BEGIN Information supplied

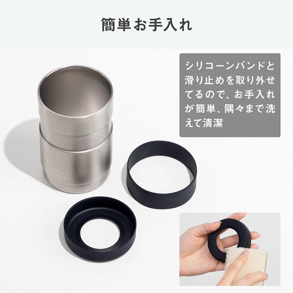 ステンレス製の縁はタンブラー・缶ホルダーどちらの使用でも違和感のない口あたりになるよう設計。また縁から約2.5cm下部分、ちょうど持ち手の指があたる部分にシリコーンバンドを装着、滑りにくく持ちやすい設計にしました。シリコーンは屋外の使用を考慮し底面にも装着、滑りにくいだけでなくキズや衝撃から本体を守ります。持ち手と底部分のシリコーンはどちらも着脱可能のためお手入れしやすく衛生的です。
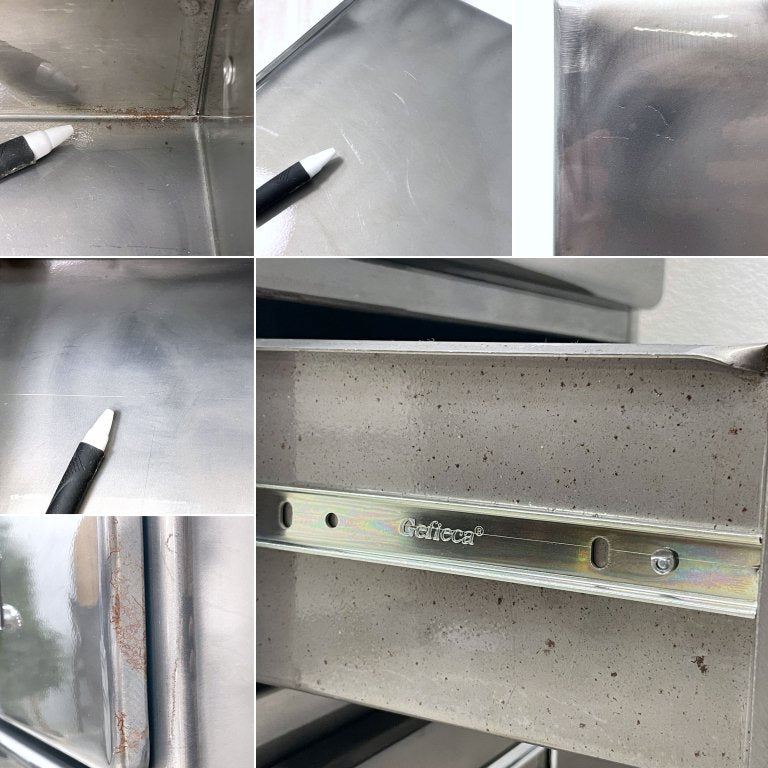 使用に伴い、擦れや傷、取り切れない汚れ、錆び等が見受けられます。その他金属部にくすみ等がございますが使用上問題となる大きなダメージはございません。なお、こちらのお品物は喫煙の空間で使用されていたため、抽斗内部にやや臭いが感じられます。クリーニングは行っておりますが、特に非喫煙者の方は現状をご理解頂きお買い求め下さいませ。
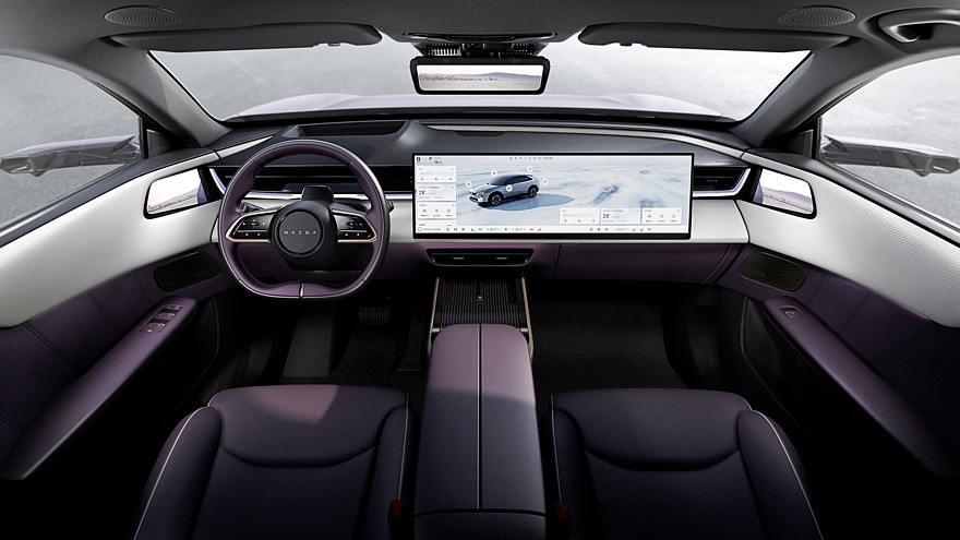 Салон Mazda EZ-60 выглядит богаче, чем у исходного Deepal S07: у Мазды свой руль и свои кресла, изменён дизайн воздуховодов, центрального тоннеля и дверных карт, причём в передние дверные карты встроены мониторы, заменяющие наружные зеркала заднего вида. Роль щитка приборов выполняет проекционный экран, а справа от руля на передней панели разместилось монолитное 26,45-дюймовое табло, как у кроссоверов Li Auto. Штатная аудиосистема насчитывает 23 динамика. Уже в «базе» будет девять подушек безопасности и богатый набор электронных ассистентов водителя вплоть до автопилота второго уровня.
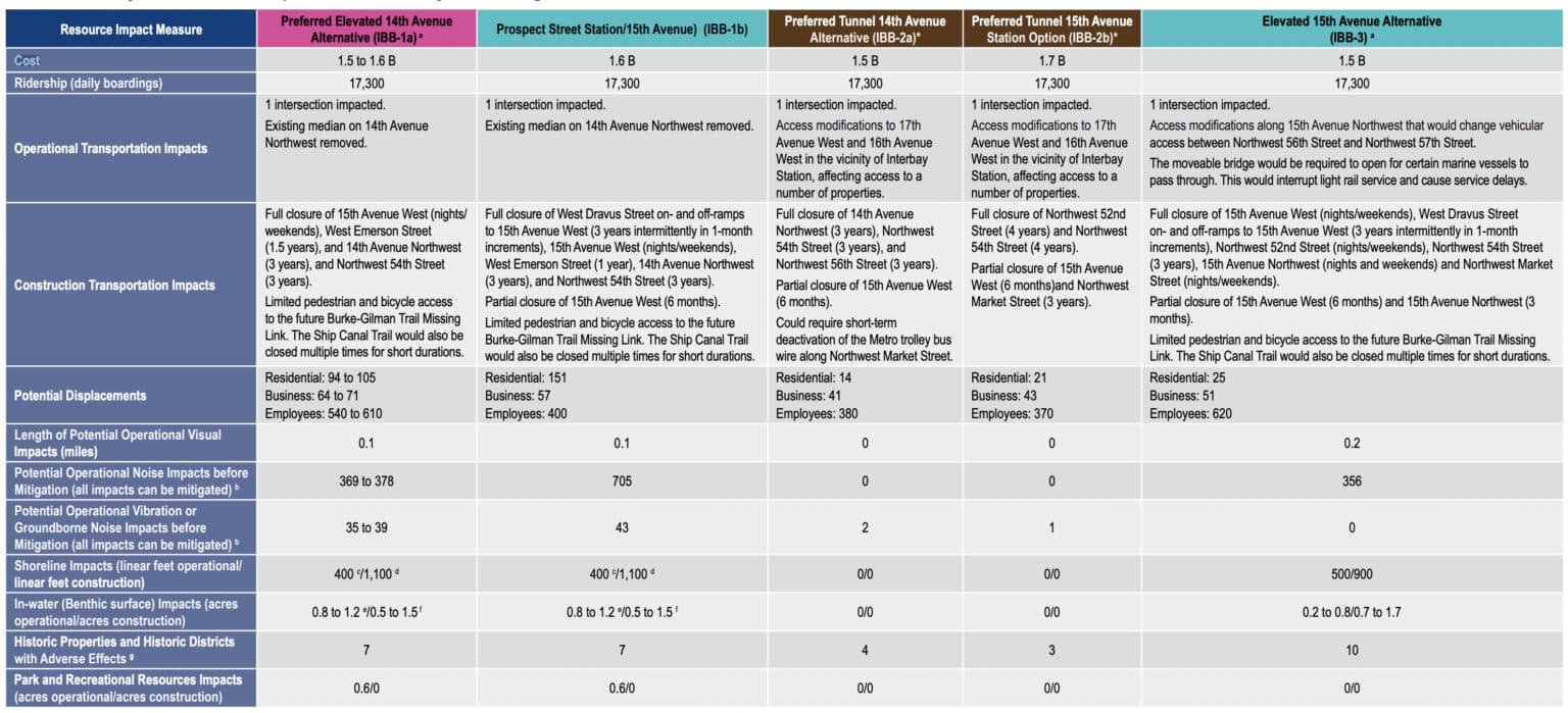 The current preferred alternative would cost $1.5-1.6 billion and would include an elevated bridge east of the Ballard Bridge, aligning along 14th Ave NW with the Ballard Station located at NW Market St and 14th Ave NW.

END Information supplied

> What you have to do: What you return should be all of the material above, exactly, and none of its pictures.

> Written solution:
 ステンレス製の縁はタンブラー・缶ホルダーどちらの使用でも違和感のない口あたりになるよう設計。また縁から約2.5cm下部分、ちょうど持ち手の指があたる部分にシリコーンバンドを装着、滑りにくく持ちやすい設計にしました。シリコーンは屋外の使用を考慮し底面にも装着、滑りにくいだけでなくキズや衝撃から本体を守ります。持ち手と底部分のシリコーンはどちらも着脱可能のためお手入れしやすく衛生的です。
 使用に伴い、擦れや傷、取り切れない汚れ、錆び等が見受けられます。その他金属部にくすみ等がございますが使用上問題となる大きなダメージはございません。なお、こちらのお品物は喫煙の空間で使用されていたため、抽斗内部にやや臭いが感じられます。クリーニングは行っておりますが、特に非喫煙者の方は現状をご理解頂きお買い求め下さいませ。
 Салон Mazda EZ-60 выглядит богаче, чем у исходного Deepal S07: у Мазды свой руль и свои кресла, изменён дизайн воздуховодов, центрального тоннеля и дверных карт, причём в передние дверные карты встроены мониторы, заменяющие наружные зеркала заднего вида. Роль щитка приборов выполняет проекционный экран, а справа от руля на передней панели разместилось монолитное 26,45-дюймовое табло, как у кроссоверов Li Auto. Штатная аудиосистема насчитывает 23 динамика. Уже в «базе» будет девять подушек безопасности и богатый набор электронных ассистентов водителя вплоть до автопилота второго уровня.
 The current preferred alternative would cost $1.5-1.6 billion and would include an elevated bridge east of the Ballard Bridge, aligning along 14th Ave NW with the Ballard Station located at NW Market St and 14th Ave NW.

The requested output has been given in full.